COLLECTED MATERIAL
****************
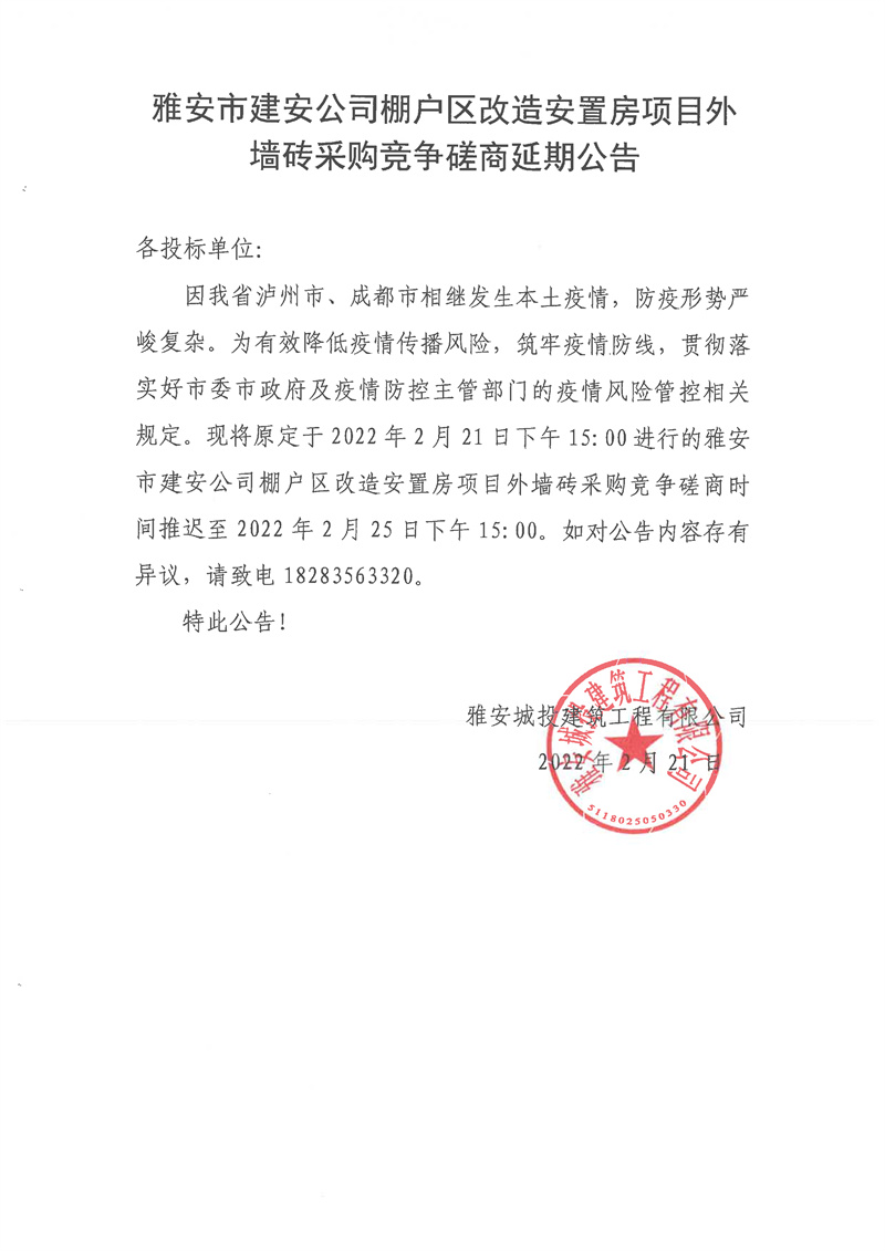 雅安市建安公司棚戶區(qū)改造安置房項目外墻磚采購競爭磋商延期公告
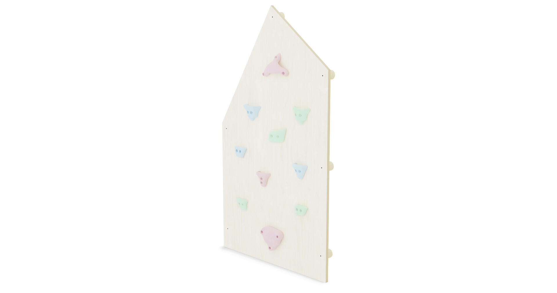 Motorikvägg som monteras direkt på väggen. Monteras flera väggar bredvid varandra är det viktigt att de monteras ihop för att minimera klämrisken. Används alltid med godkänt fallunderlag enligt EN1177, t.ex. artnr 124575. Fallutrymme 1,5 m runtom. Väggen är försedd med klättergrepp i flera olika pastellfärger. Med förborrade hål. Förborrade distanser medföljer för att det ska bli rätt avstånd från väggen. Björkplywood.
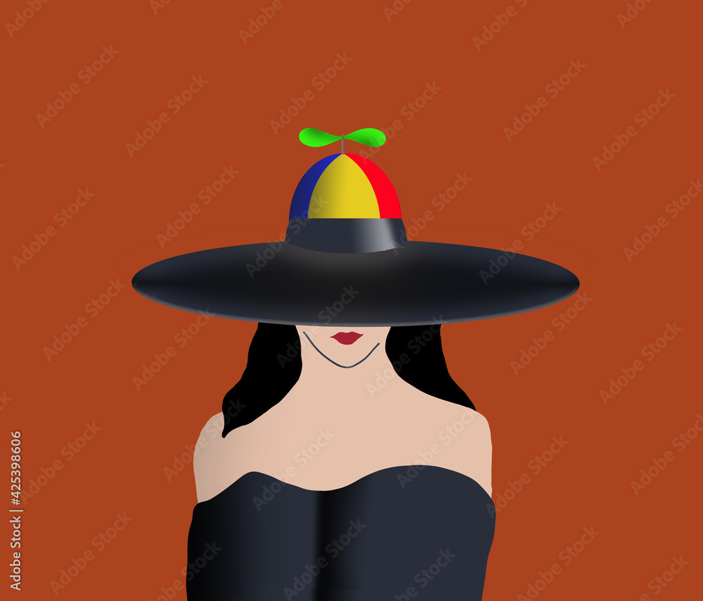 A woman a fashion model wears a humorous beanie copter Very well made.
****************
ASSIGNMENT
Your task is to retype, exactly and only, the lines from the line holding "Motorikvägg som monteras" through the final line of the data above, with both ends kept. Drop the pictures.

ANSWER TO THIS TASK
 Motorikvägg som monteras direkt på väggen. Monteras flera väggar bredvid varandra är det viktigt att de monteras ihop för att minimera klämrisken. Används alltid med godkänt fallunderlag enligt EN1177, t.ex. artnr 124575. Fallutrymme 1,5 m runtom. Väggen är försedd med klättergrepp i flera olika pastellfärger. Med förborrade hål. Förborrade distanser medföljer för att det ska bli rätt avstånd från väggen. Björkplywood.
 A woman a fashion model wears a humorous beanie copter Very well made.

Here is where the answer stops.